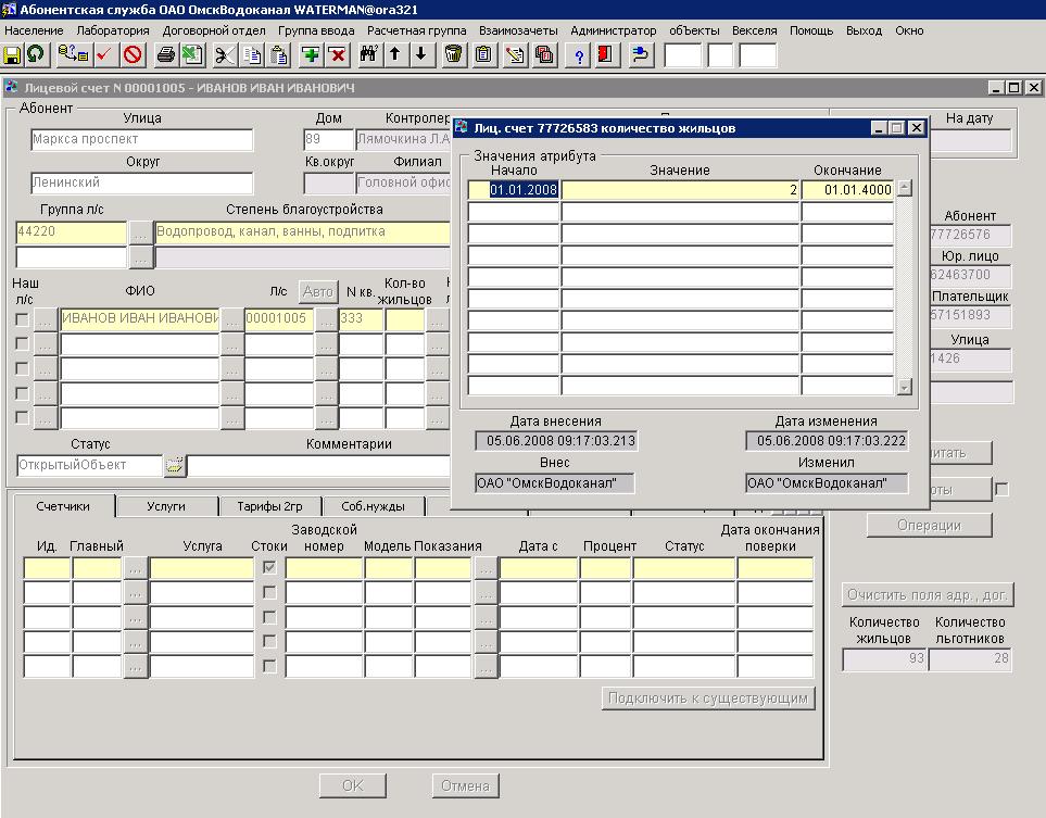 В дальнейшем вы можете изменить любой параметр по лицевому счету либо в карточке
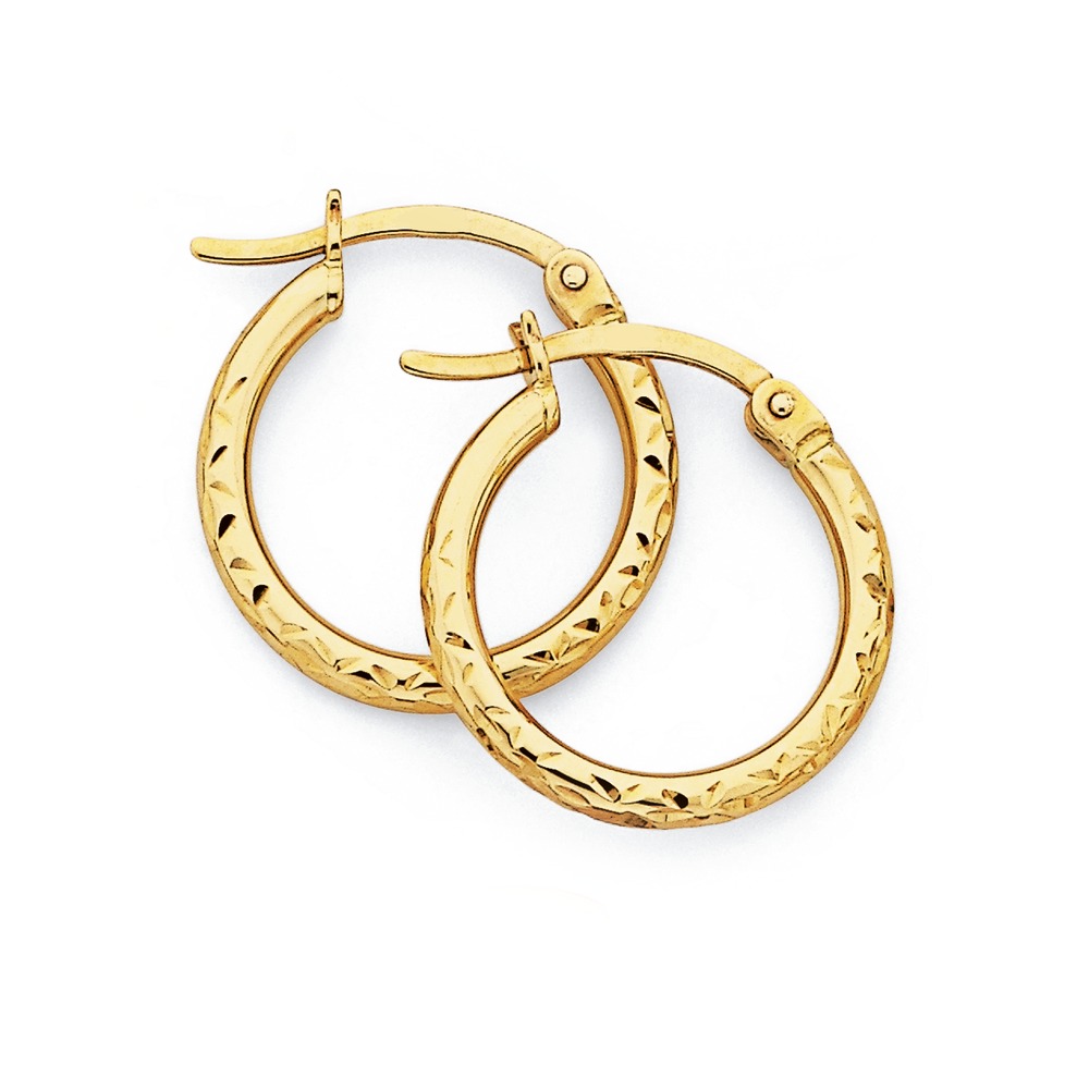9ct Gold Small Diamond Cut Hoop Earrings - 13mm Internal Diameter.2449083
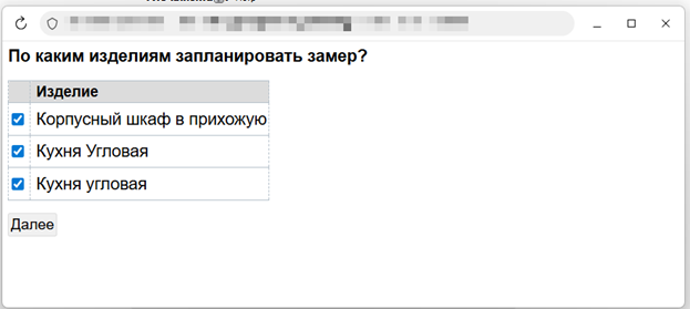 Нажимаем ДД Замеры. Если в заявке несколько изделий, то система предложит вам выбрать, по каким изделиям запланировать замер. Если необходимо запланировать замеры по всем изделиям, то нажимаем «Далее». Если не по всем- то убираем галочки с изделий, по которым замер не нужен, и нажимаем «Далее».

EXERCISE BRIEF
Repeat the data exactly. No pictures should appear.

EXPECTED ANSWER
 В дальнейшем вы можете изменить любой параметр по лицевому счету либо в карточке
9ct Gold Small Diamond Cut Hoop Earrings - 13mm Internal Diameter.2449083
 Нажимаем ДД Замеры. Если в заявке несколько изделий, то система предложит вам выбрать, по каким изделиям запланировать замер. Если необходимо запланировать замеры по всем изделиям, то нажимаем «Далее». Если не по всем- то убираем галочки с изделий, по которым замер не нужен, и нажимаем «Далее».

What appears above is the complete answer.